DELETE FROM "DB_NAME"."SCHEMA_NAME"."TABLE_NAME"  
WHERE JSON:id::number = 123;

Querying of JSON as tabular data

You can query your JSON object much like you would a relational database to return tabular output of rows and columns. Below is an example that coerces each value into particular data types of my choosing by including “::[type]” after the path. I then provide an alias for my own convenience. The data types you specify in the SELECT will also effect behavior in further query logic, for example: coercing a field to a number will allow you to use it with mathematical operators etc. Since you’re dealing with semi-structured data, it’s wise to be explicit with your data type definitions.


SELECT 
JSON:id::number AS "id",
JSON:name::string AS "name",
JSON:date::date AS "date",
JSON:array_val::array AS "array_values",
JSON:nested.label::string AS "nested_label",
JSON:nested.value::number AS "nested_value"
FROM "DB_NAME"."SCHEMA_NAME"."TABLE_NAME" 
WHERE "id" = 123
AND "date" BETWEEN '2020-01-01' AND '2020-02-01';

Flattening JSON into columns

There will inevitably be times when you want to create unique rows of data out of an array of data found within your JSON object. The example below uses the FLATTEN function to expand the array into multiple rows and feeds them into the query as if it were a table data source by using the TABLE function as the alias aptly named “array”. Finally, the SELECT statement then taps uses that alias to access the values of each row. To help visualize the output, I have included a screenshot of the result from Snowflake.


SELECT 
JSON:name::string AS "name", 
"array".VALUE::string AS "array_values"
FROM 
"DB_NAME"."SCHEMA_NAME"."TABLE_NAME", 
TABLE( FLATTEN(INPUT => JSON:array_val) ) AS "array"
;

UPSERT

Snowflake provides the ability to do a single command update or insert (UPSERT) through the MERGE command. The following example takes an array of JSON objects within a file saved to a Snowflake stage and either performs an update or an insert command based on whether the unique field (id) matches.
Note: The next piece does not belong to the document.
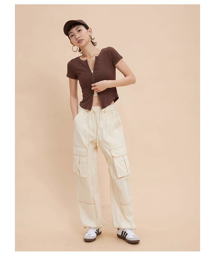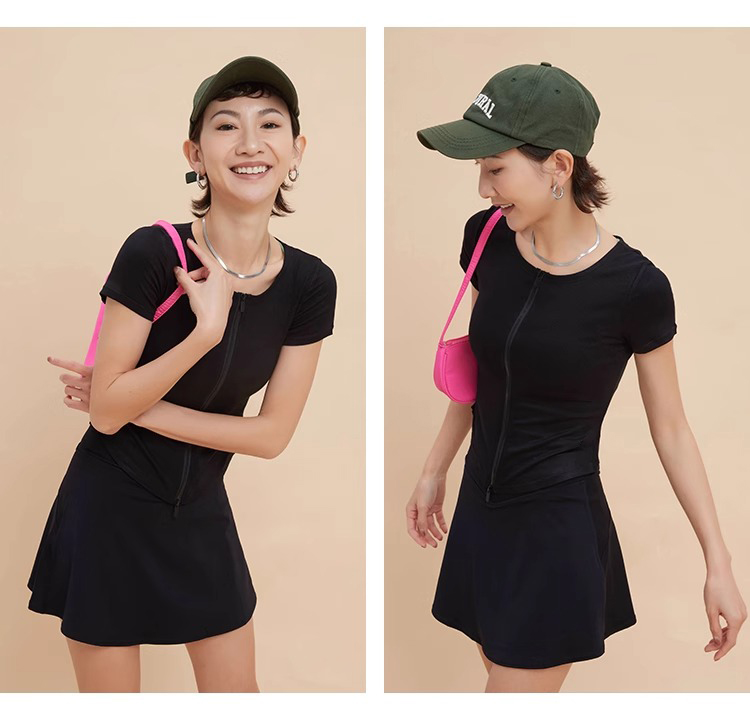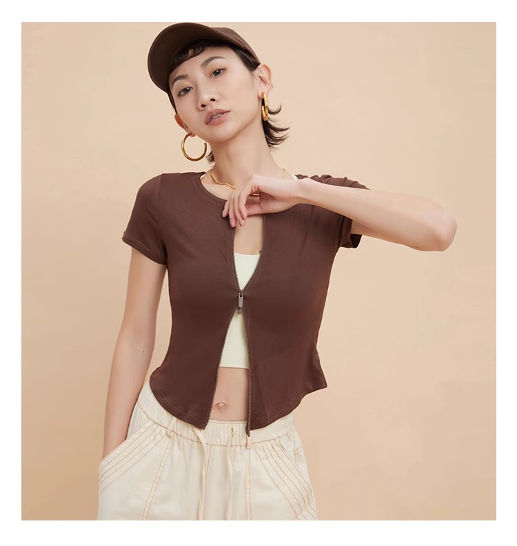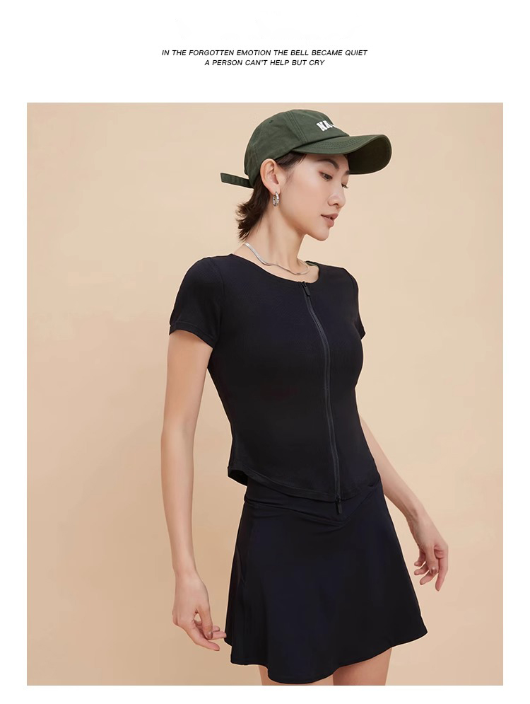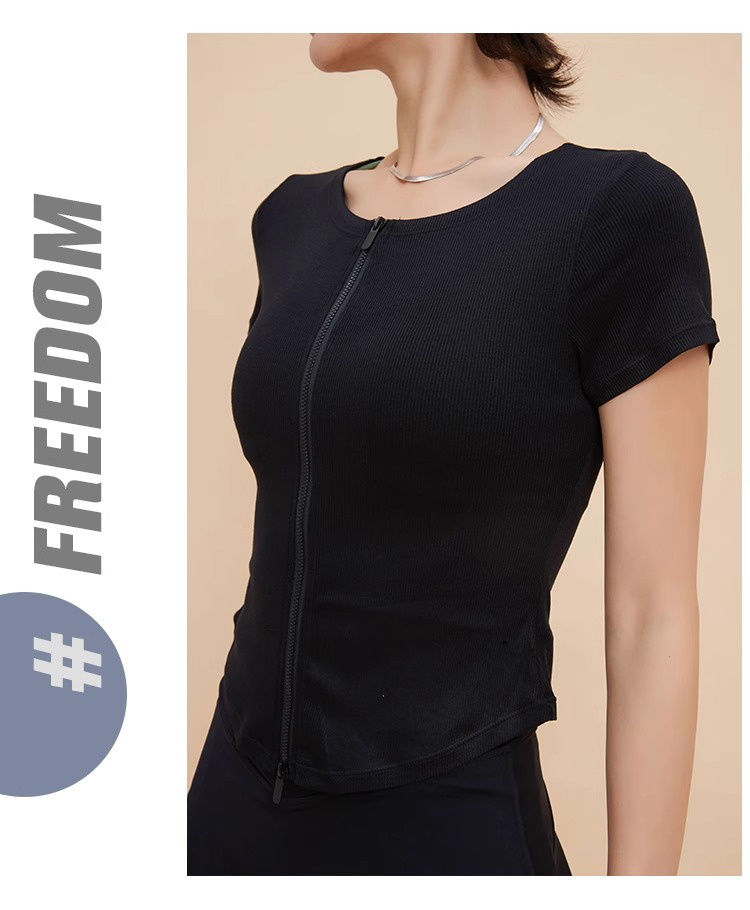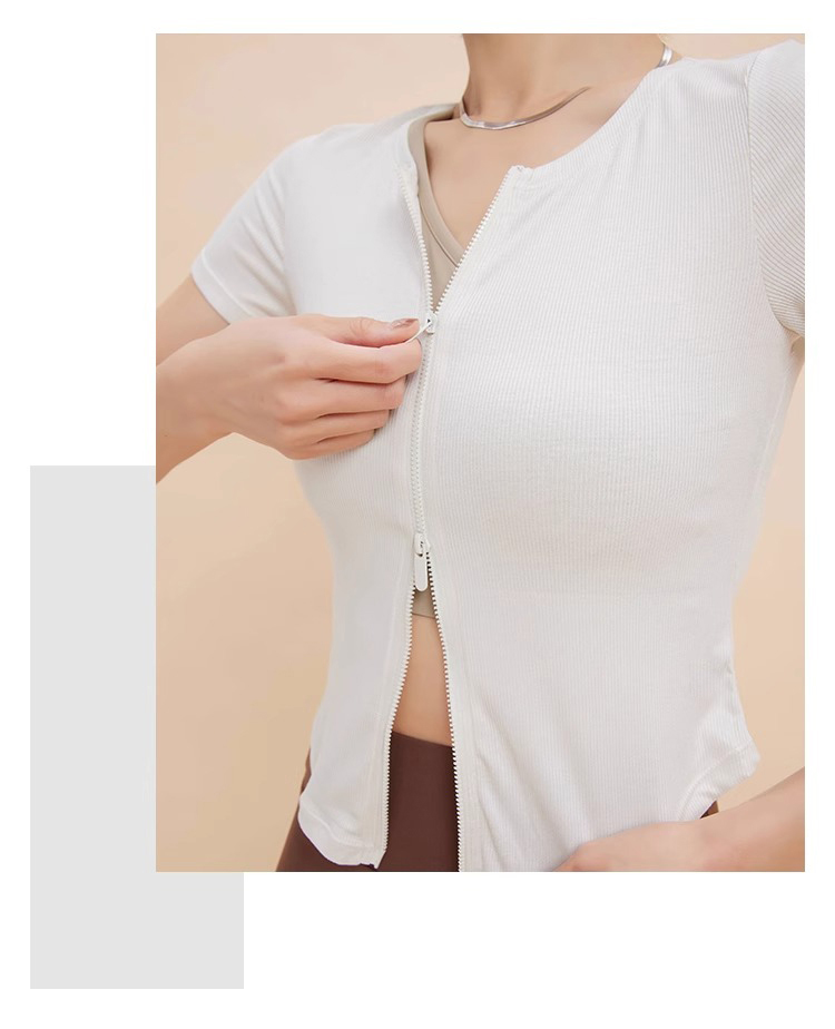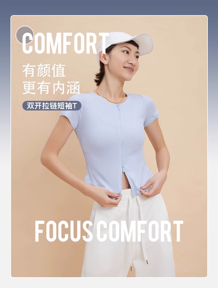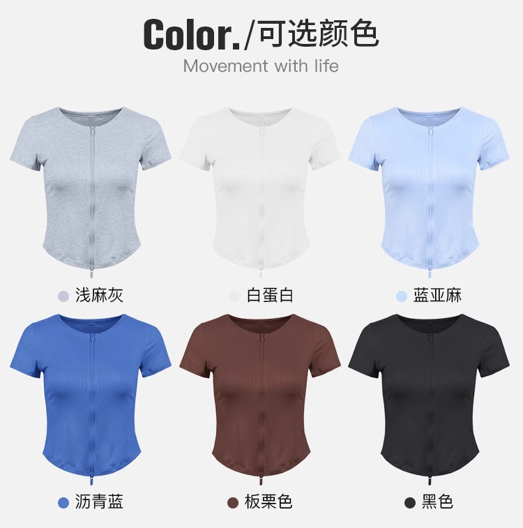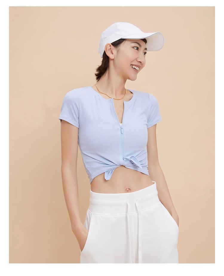 【3~5天发货】跃牌【美度空间】系列 莫代尔裸感修身运动t恤女圆领拉链瑜伽服休闲小蛮腰健身短袖夏季ADTX41020

Note: This requires a Snowflake file format named JSON with the “strip outer array” option enabled, a “Snowflake Managed” stage to be named JSON_STAGE_NAME and a “file_name.json” file to be uploaded to that stage. The contents of the file is expected to be an array of objects similar to the format of our example JSON we started with.


MERGE INTO
"DB_NAME"."SCHEMA_NAME"."TABLE_NAME" AS "foo" 
USING (
  SELECT 
  $1 JSON
  FROM @JSON_STAGE_NAME/file_name.json
  FILE_FORMAT = (FORMAT_NAME = JSON)
  ON_ERROR = 'skip_file'
) "bar"
ON "foo".JSON:id::number = "bar".JSON:id::number
WHEN MATCHED THEN
 UPDATE SET "foo".JSON = "bar".JSON 
WHEN NOT MATCHED THEN
 INSERT (JSON) SELECT PARSE_JSON("bar".JSON)
;

Game Changing Approach: “Just Feed It All In”
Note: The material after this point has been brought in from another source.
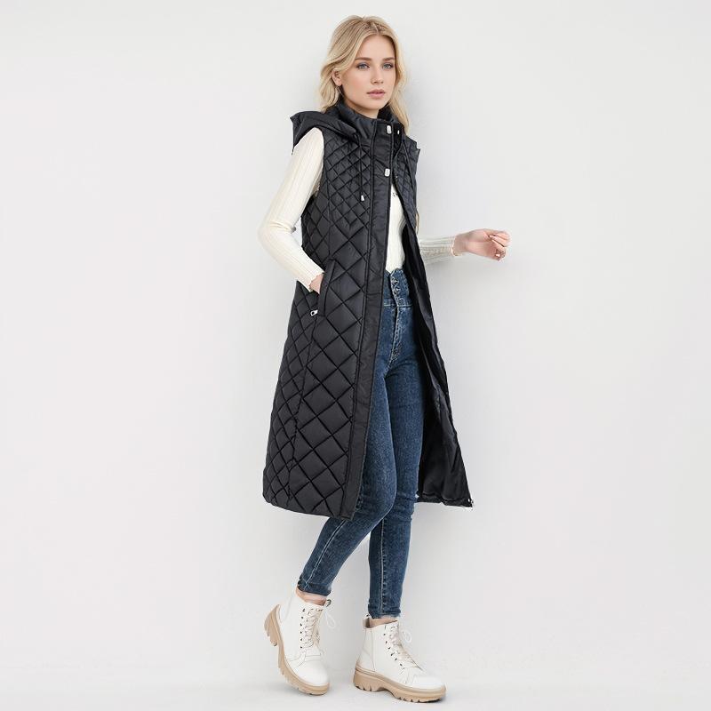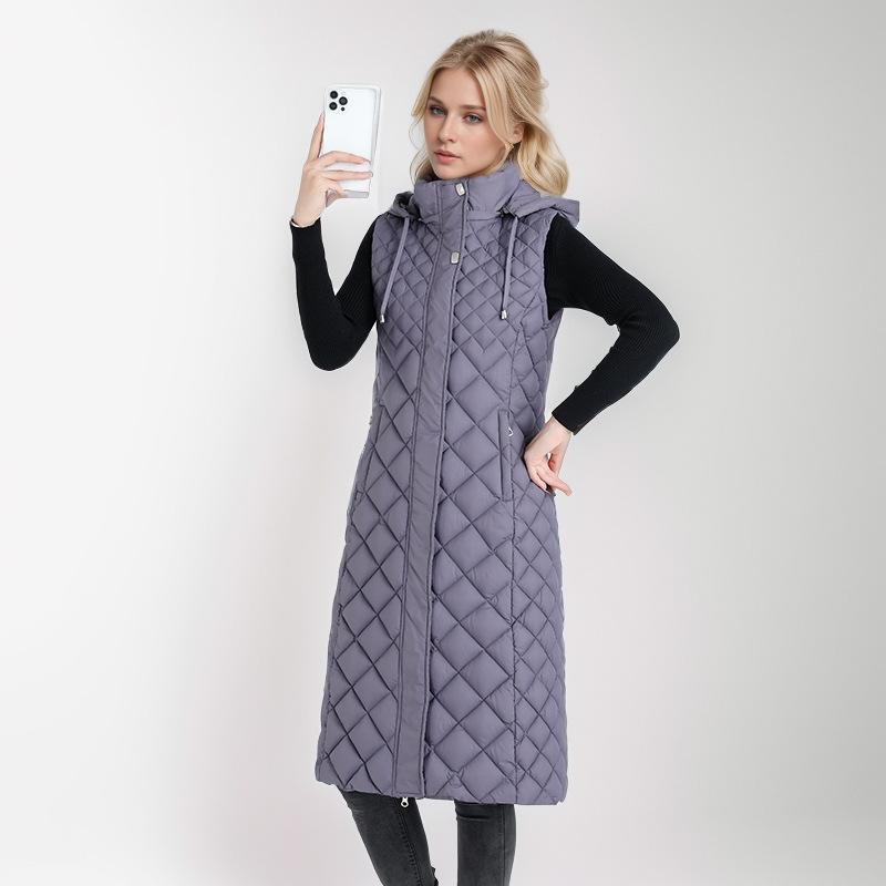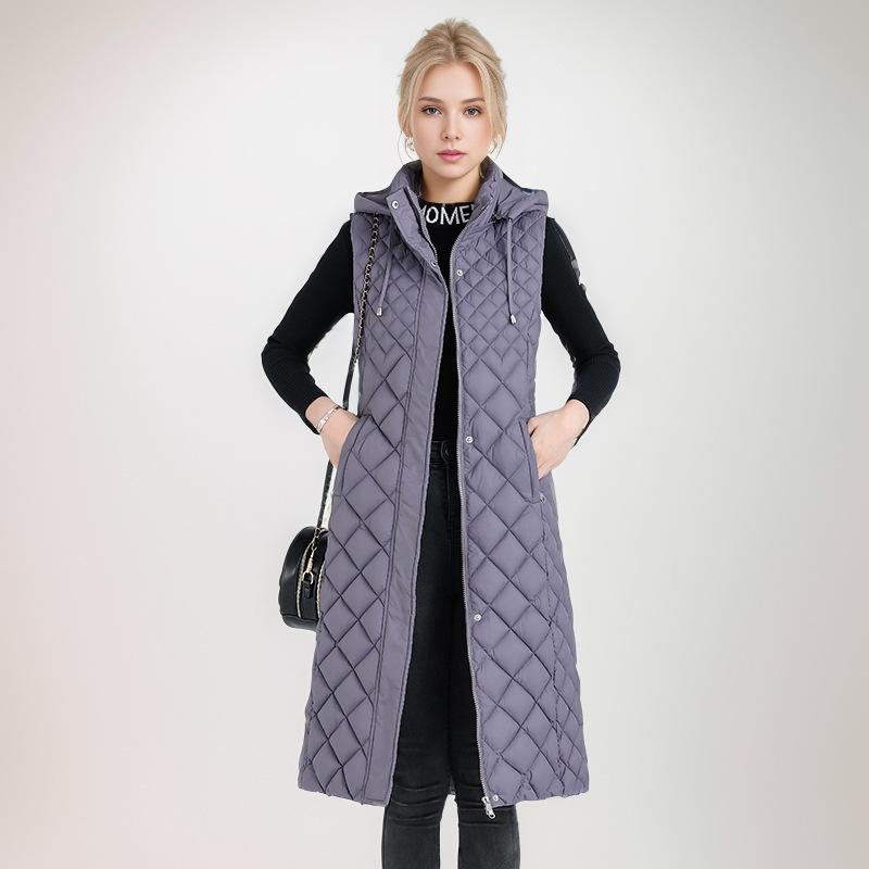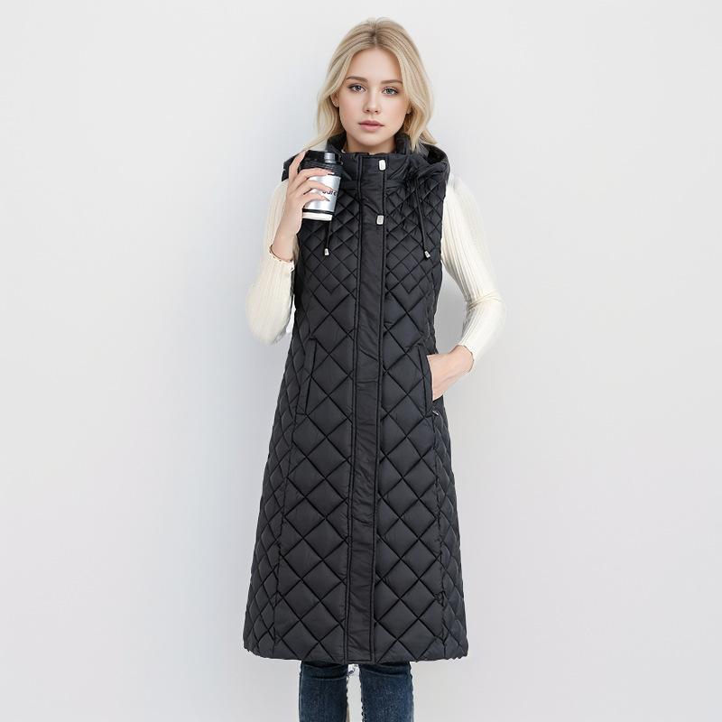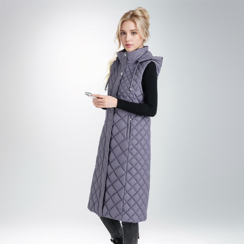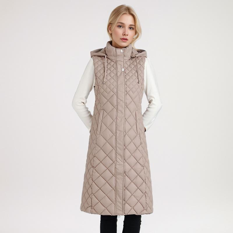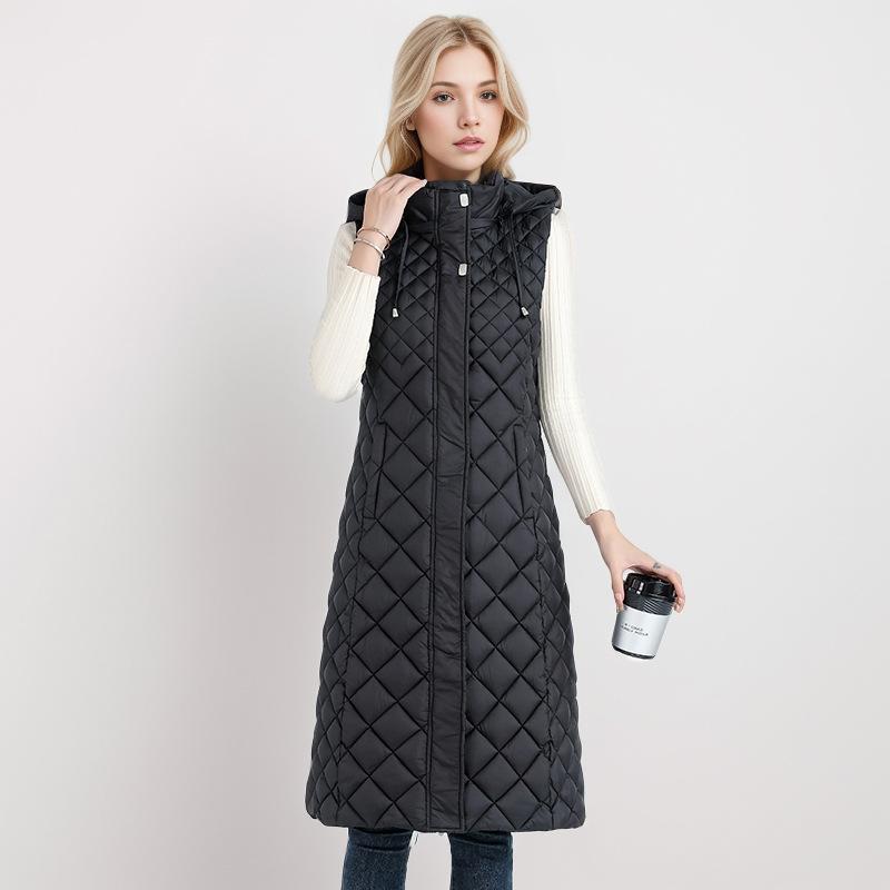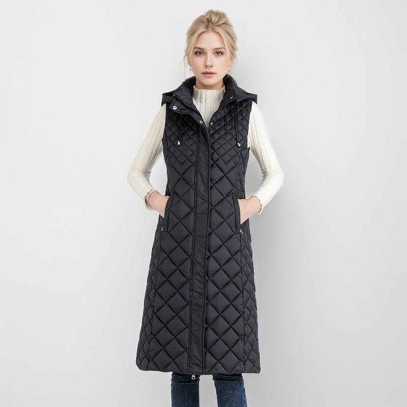 Chaleco de algodón ligero con borde cruzado, chaqueta larga de alta gama para mujer, primavera y otoño 2024

The ability to feed in the entire JSON response from your third-party API straight into your data warehouse easily and without the downsides / limitations we’re used to is a game-changer. You will find you’re able to turn ideas into real proof-of-concept applications by avoiding the nuisance of piecemealing the exact dimensions and metrics you need to support an entire strategy and just feed everything in. Snowflake is optimized to traverse the entire object stack for you as you make your queries, so if the data is present in the API, you know you have it in the warehouse.

Another benefit from this approach is that you get to avoid process heavy scripting required to manipulate the data received before you import it. It’s as simple as:

  1. Make the request from the API
  2. Write the response to a file
  3. Feed the file into your Snowflake Managed stage
  4. Ingest it into the warehouse
  5. Have a daiquiri

I plan on writing more Snowflake-related content in the future because of how much my workday revolves around this majestic creature, and to sing its praises for how much time it saves me. I’m a potential fan boy in the making.